First Optimization: Reducing Allocations and Clones

The first step was to reduce the memory overhead. We did this by:

Removing board.clone(): Instead of cloning the board for each recursive call, we modified the solve function to use a mutable reference (&mut Board). This single change had a huge impact on performance.

Before:

match solve(board.clone()) { ... }

After:

if solve(board).is_ok() { ... }

Using Iterators: The get_row, get_col, and get_section functions were refactored to return iterators instead of new vectors. This avoided unnecessary memory allocations.
Before:

pub fn get_row(&self, row: usize) -> Vec<Option<NonZeroU8>> {
        ...
        self.cells[start..end].to_vec()
    }

After:

pub fn get_row(&self, row: usize) -> &[Option<NonZeroU8>] {
        ...
        &self.cells[start..end]
    }

Optimizing Option Lookups: The get_options function, which finds valid numbers for a cell, was optimized to use a boolean array for faster lookups, instead of searching through vectors.
Before:

let options: Vec<NonZeroU8> = (1..=self.max_value.get())
        .filter_map(|u| NonZeroU8::new(u))
        .filter(|x| {
            !row_values.contains(x) && !col_values.contains(x) && !section_values.contains(x)
        })
        .collect();

After:

let mut used = vec![false; self.max_value.get() as usize + 1];
    // ... populate used array ...
    let options: Vec<NonZeroU8> = (1..=self.max_value.get())
        .filter_map(|u| {
            if used[u as usize] {
                None
            } else {
                NonZeroU8::new(u)
            }
        })
        .collect();

These changes resulted in a 21% speedup on the easy puzzles and a 55% speedup on the diabolical puzzles. This shows that reducing memory allocations is even more important for harder problems, likely because the recursion depth is much greater, and the overhead of cloning larger and more complex board states adds up.

Criterion

I really wanted to use Criterion for my first time to better get a view into how each puzzle is being solved. Here is a set up of criterion running a single puzzle 5000 times with its code. Notice that each cycle is around 1.25 ms.

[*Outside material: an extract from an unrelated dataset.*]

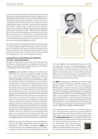 FOKUS9Schulblatt Thurgau 1 | M%u00e4rz 2025sehr viele Angebote zur Qualit%u00e4tsentwicklung von Schule und Unterricht zu finden sind: Evaluationsb%u00f6gen, Unterrichtsmaterialien, Konzepte und Praxismaterialien zur Kooperation in Schul- und Unterrichtsteams und zur Schul- und Unterrichtsentwicklung. Das f%u00fcr diesen Beitrag relevante Material sind die Evaluationsb%u00f6gen im %u00abEvaluationscenter%u00bb. Hier lassen sich bereits entwickelte Frageb%u00f6gen zu zahlreichen hochrelevanten Themen finden. %u2022 Bei EMU (Evidenzbasierte Methoden der Unterrichtsdiagnostik) erhalten Lehrpersonen ebenfalls Zugang zu Frageb%u00f6gen (Helmke et al., 2011). Es wird auf ausgew%u00e4hlte Merkmale guten Unterrichts fokussiert, wie etwa effiziente Klassenf%u00fchrung, kognitive Aktivierung, lernf%u00f6rderliches Klima sowie Klarheit und Strukturiertheit. Zus%u00e4tzlich wird in EMU ein Abgleich zwischen Selbst- und Fremdeinsch%u00e4tzungen angestrebt. Also die eigene Einsch%u00e4tzung der Lehrperson kann denen der Sch%u00fclerinnen und Sch%u00fclern sowie auch denen der Arbeitskolleginnen und -kollegen gegen%u00fcbergestellt werden. Ebenso l%u00e4sst sich auf der Website ein Tool zur Auswertung und Visualisierung der Ergebnisse herunterladen. Im Unterschied zu IQES ist der Zugang zu EMU kostenfrei. %u2022 Wenn Lehrpersonen sich st%u00e4rker auf soziale Aspekte in Lehr- und Lernprozessen fokussieren und das soziale Gef%u00fcge in der Klasse systematisch betrachten m%u00f6chten, dann eignen sich soziale Netzwerkkarten (siehe Eingangsbeispiel). Netzwerkkarten bilden soziale Beziehungen einer Gruppe auf einer zweidimensionalen Fl%u00e4che ab. Diese Karten sind ein m%u00e4chtiges Instrument, um sich der Komplexit%u00e4t sozialer Beziehungssysteme anzun%u00e4hern. Hierzu habe ich (Galle, 2024) eine Webapplikation entwickelt, in der nach dem Hochladen der Daten eine besseres Klassenklima beginnen sollte (z.B. Gespr%u00e4che %u00fcber ein positives soziales Miteinander). Es ist kaum m%u00f6glich, das soziale Gef%u00fcge vollumf%u00e4nglich zu kennen, da bei 20 Kindern etwa 190 dyadische Beziehungen bestehen. Es bietet sich hier an, systematisch Daten von den Sch%u00fclerinnen und Sch%u00fclern zu ihren sozialen Beziehungen zu erheben. Hierbei stellt die Lehrperson allen Kindern dieselbe Frage, zum Beispiel, mit wem spielst du in der Pause am liebsten. Mit der Frage werden Freundschaftsbeziehungen in der Klasse erfasst. Jedes Kind beantwortet f%u00fcr sich und ohne Beeinflussung der anderen Kinder diese Frage. Mit den Antworten aller Sch%u00fclerinnen und Sch%u00fcler (Evidenz) kann die Lehrperson nun weiterarbeiten, indem sie etwa eine soziale Netzwerkkarte (Soziogramm) ihrer Klasse mit einer weiter unten beschriebenen Applikation erstellt.Ein solches Arbeiten mit Evidenzen bietet das Potenzial, dass alle Kinder dieselben M%u00f6glichkeiten haben, ihre Sicht der Lehrperson mitzuteilen. Zudem kann die Lehrperson eigene %u00abblinde Flecken%u00bb aufdecken, also Aspekte sichtbar machen, die ihr gar nicht bewusst waren. Solche %u00abblinden Flecken%u00bb sind im Kontext der Komplexit%u00e4t von Lehr- und Lernprozessen normal.Instrumente zur Unterst%u00fctzung der Reflexionvon Lehr- und LernprozessenEs gibt eine Vielzahl von Instrumenten, die Lehrpersonen bei der Reflexion unterst%u00fctzen k%u00f6nnen. Im Folgenden werden sechs skizziert: Luuise, IQES, EMU, Netzwerkkarten, Lesson Studies und kollegiales Unterrichtscoaching.%u2022 Luuise (Beywl et al., 2023) %u2013 ein Akronym f%u00fcr %u00abLehrpersonen unterrichten und untersuchen integriert, sichtbar und effektiv%u00bb %u2013 ist ein Verfahren, bei dem Lehrpersonen spezifische Herausforderungen, sogenannte %u00abKnackn%u00fcsse%u00bb, in ihrem Unterricht identifizieren und auf gesammelten Daten aufbauend reflektieren. Positiv hervorzuheben ist der partizipative Charakter des Instruments: Es soll m%u00f6glichst gemeinsam mit den Sch%u00fclerinnen und Sch%u00fclern umgesetzt werden. Zuerst benennt die Lehrperson eine wiederkehrende p%u00e4dagogische Herausforderung im Unterricht (%u00abKnacknuss%u00bb), die sie ver%u00e4ndern m%u00f6chte. Zweitens setzt sich die Lehrperson Ziele, die spezifisch, messbar, attraktiv, realistisch und terminiert sind (SMART). Drittens entwickelt die Lehrperson eine Unterrichtsintervention und viertens ein Instrument zur Erhebung von Daten, mit dem Informationen zum Gelingen der Intervention erfasst werden. Bei der praktischen Umsetzung der Datenerhebung achtet die Lehrperson darauf, diese in den Unterrichtsablauf zu integrieren und dass Sch%u00fclerinnen und Sch%u00fcler die Fragen selbstst%u00e4ndig beantworten k%u00f6nnen (z.B. Punktabfragen oder visuelle Darstellungen von Lernfortschritten). F%u00fcnftens wertet die Lehrperson nach der Intervention die Daten aus und reflektiert darauf aufbauend die Lehr- und Lernprozesse. Hierbei werden die Sch%u00fclerinnen und Sch%u00fcler und gegebenenfalls weitere relevante Personen einbezogen. %u2022 W%u00e4hrend bei Luuise die Lehrperson eigene Erhebungsinstrumente entwickelt, werden diese bei den n%u00e4chsten zwei Programmen %u2013 IQES und EMU %u2013 bereitgestellt. IQES steht f%u00fcr %u00abInstrumente f%u00fcr die Qualit%u00e4tsentwicklung und Selbstevaluation an Schulen%u00bb und ist eine digitale Plattform, auf der Zur PersonDr. Marco Galle ist Dozent und wissenschaftlicher Mitarbeiter an der P%u00e4dagogischen Hochschule Luzern. Er besch%u00e4ftigt sich mit Lernprozessen in sozialen Netzwerken und forscht zu den Themen Kooperation, Unterrichtsqualit%u00e4t und Professionalisierung. Seine Forschungsergebnisse fliessen in die Aus- und Weiterbildung ein.

use criterion::{black_box, criterion_group, criterion_main, Criterion};
use sudoku_solver::{Board, solve};

fn criterion_benchmark(c: &mut Criterion) {
    let puzzle = "050703060007000800000816000000030000005000100730040086906000204840572093000409000";
    c.bench_function("solve easy", |b| {
        b.iter(|| {
            let mut board = Board::from_puzzle_bank_line(&format!("id {} 1.2", puzzle)).unwrap();
            solve(black_box(&mut board))
        })
    });
}

criterion_group!(benches, criterion_benchmark);
criterion_main!(benches);

Criterion Benchmarks for the first

Parallelism with Rayon

The next step was to introduce parallelism using the rayon crate.

Attempt 1: Parallelizing the Solver

Our first attempt was to parallelize the solver itself. The idea was to explore different solution paths in parallel. However, this resulted in a 9% slowdown on the easy puzzles and a staggering 98% slowdown on the diabolical puzzles. The overhead of managing parallel tasks and the re-introduction of some cloning outweighed the benefits, especially for the harder puzzles which have a deeper recursion space and require more coordination between threads.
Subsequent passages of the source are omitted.